Добавить в цитаты Настройки чтения

Страница 29 из 57

Слава Богу, скоро снова залягу в постель, меня сегодня опять вырвали из объятий сна, пришлось одолеть немалый путь, за что заработал еще два часа свободного времени; сейчас уже десять часов, надо поспать, поскольку с двух до семи мне еще раз предстоит отправиться на задание, а завтра опять ожидается напряженный день, нас все время стараются занять работой, пожалуй, в этом наше единственное спасение; безусловно, не было бы ничего хорошего в том, если б мы валялись без дела на постелях; мне такое наверняка бы понравилось, я смог бы много читать, писать и спать, но другие постоянно творят всякие глупости, мешая и докучая остальным, однако это тоже все-таки можно выдержать…

Ну, пора закругляться; на прощание поведаю тебе небольшую историю, приключившуюся со мной этой ночью во время «картофельной экспедиции»; я отправился на промысел с одним долговязым парнем, было темно, очень темно, поэтому неожиданно мы нос к носу столкнулись с часовыми.

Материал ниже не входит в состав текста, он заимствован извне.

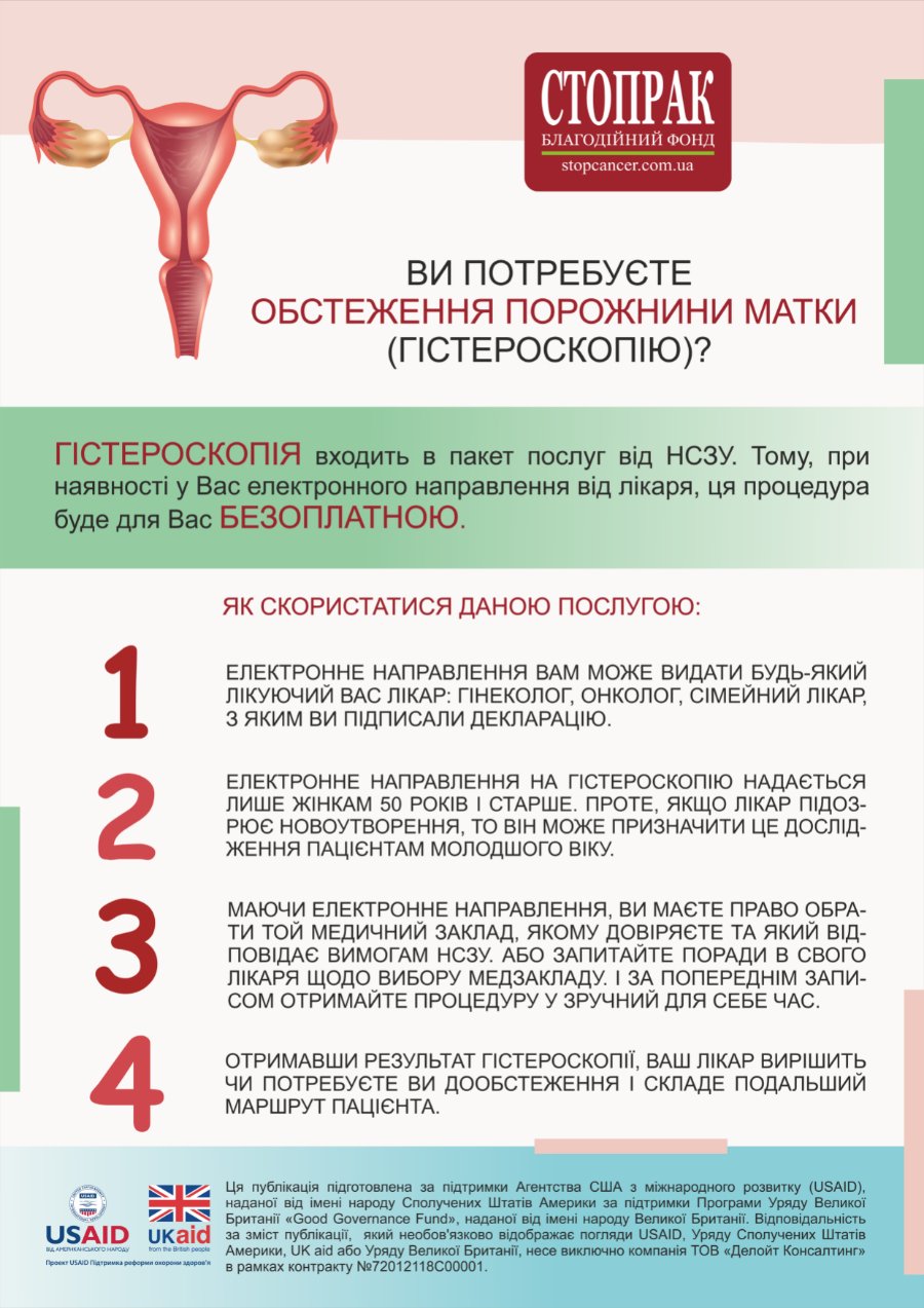 Зокрема, інформують, що Програмою медичних гарантій в Україні передбачені 6 інструментальних досліджень для виявлення таких захворювань – мамографія (обстеження молочних залоз), гістероскопія (обстеження порожнини матки і цервікального каналу ), езофагогастродуоденоскопія (обстеження стравоходу, шлунку та дванадцятипалої кишки), колоноскопія (обстеження прямої кишки, товстої кишки та термінального відділу тонкої кишки), цистоскопія (обстеження уретри, сечового міхура і вічок сечоводі) та бронхоскопія (обстеження дихальних шляхів).

Один из них крикнул: «Стой, кто идет?» — на что мой верзила, недолго думая, ответил: «Никто!» До этого из-за холода и тьмы я чувствовал себя довольно скверно, но его ответ так развеселил меня, что я громко рассмеялся, часовой тоже загоготал во все горло, тем не менее нам пришлось ретироваться, не солоно хлебавши, без картошки; всю обратную дорогу я никак не мог остановиться и хохотал до слез.

[…]

Западный фронт, 14 сентября 1942 г.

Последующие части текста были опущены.